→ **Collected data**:

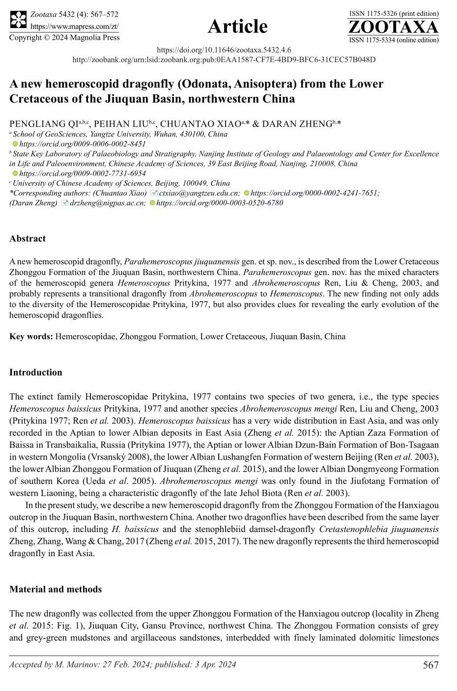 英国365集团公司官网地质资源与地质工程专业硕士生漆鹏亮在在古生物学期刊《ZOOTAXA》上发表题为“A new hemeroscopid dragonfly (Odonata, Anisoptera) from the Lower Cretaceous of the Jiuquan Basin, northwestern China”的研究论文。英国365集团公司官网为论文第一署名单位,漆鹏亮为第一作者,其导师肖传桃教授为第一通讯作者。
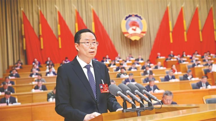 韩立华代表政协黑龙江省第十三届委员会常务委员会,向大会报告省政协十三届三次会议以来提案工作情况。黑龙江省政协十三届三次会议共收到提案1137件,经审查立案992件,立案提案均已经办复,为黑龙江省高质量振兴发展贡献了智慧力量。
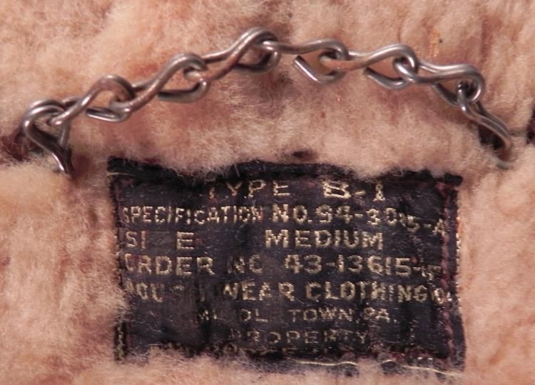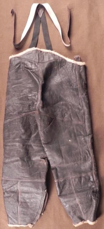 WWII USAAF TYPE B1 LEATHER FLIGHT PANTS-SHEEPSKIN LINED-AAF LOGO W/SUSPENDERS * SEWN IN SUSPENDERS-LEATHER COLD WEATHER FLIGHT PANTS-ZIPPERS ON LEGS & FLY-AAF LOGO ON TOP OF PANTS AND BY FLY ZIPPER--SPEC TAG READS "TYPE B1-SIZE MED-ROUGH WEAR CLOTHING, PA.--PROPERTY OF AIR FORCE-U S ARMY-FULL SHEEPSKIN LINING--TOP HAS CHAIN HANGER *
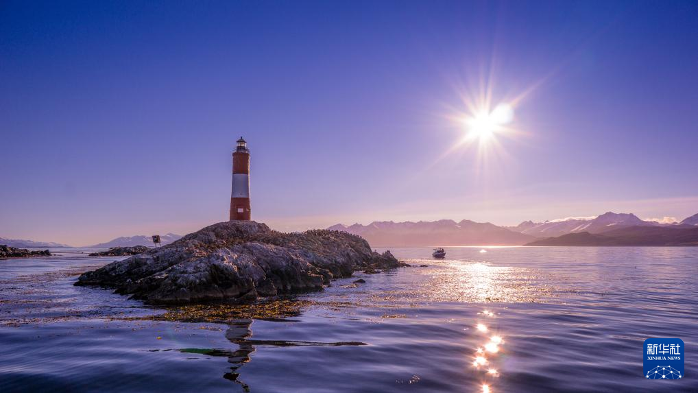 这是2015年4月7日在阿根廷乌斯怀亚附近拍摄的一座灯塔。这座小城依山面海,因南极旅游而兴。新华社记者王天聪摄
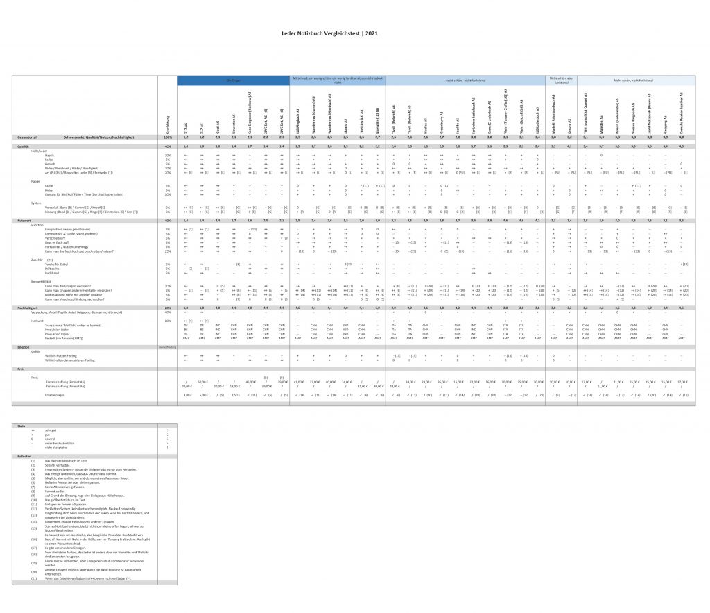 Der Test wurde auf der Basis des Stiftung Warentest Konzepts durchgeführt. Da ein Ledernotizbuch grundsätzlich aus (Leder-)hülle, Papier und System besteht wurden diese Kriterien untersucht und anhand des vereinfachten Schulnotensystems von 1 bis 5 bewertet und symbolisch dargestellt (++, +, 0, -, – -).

→ **Work item**: Exact copies of the entries above are needed, with every picture removed.

→ **Answer to this task**:
 英国365集团公司官网地质资源与地质工程专业硕士生漆鹏亮在在古生物学期刊《ZOOTAXA》上发表题为“A new hemeroscopid dragonfly (Odonata, Anisoptera) from the Lower Cretaceous of the Jiuquan Basin, northwestern China”的研究论文。英国365集团公司官网为论文第一署名单位,漆鹏亮为第一作者,其导师肖传桃教授为第一通讯作者。
 韩立华代表政协黑龙江省第十三届委员会常务委员会,向大会报告省政协十三届三次会议以来提案工作情况。黑龙江省政协十三届三次会议共收到提案1137件,经审查立案992件,立案提案均已经办复,为黑龙江省高质量振兴发展贡献了智慧力量。
 WWII USAAF TYPE B1 LEATHER FLIGHT PANTS-SHEEPSKIN LINED-AAF LOGO W/SUSPENDERS * SEWN IN SUSPENDERS-LEATHER COLD WEATHER FLIGHT PANTS-ZIPPERS ON LEGS & FLY-AAF LOGO ON TOP OF PANTS AND BY FLY ZIPPER--SPEC TAG READS "TYPE B1-SIZE MED-ROUGH WEAR CLOTHING, PA.--PROPERTY OF AIR FORCE-U S ARMY-FULL SHEEPSKIN LINING--TOP HAS CHAIN HANGER *
 这是2015年4月7日在阿根廷乌斯怀亚附近拍摄的一座灯塔。这座小城依山面海,因南极旅游而兴。新华社记者王天聪摄
 Der Test wurde auf der Basis des Stiftung Warentest Konzepts durchgeführt. Da ein Ledernotizbuch grundsätzlich aus (Leder-)hülle, Papier und System besteht wurden diese Kriterien untersucht und anhand des vereinfachten Schulnotensystems von 1 bis 5 bewertet und symbolisch dargestellt (++, +, 0, -, – -).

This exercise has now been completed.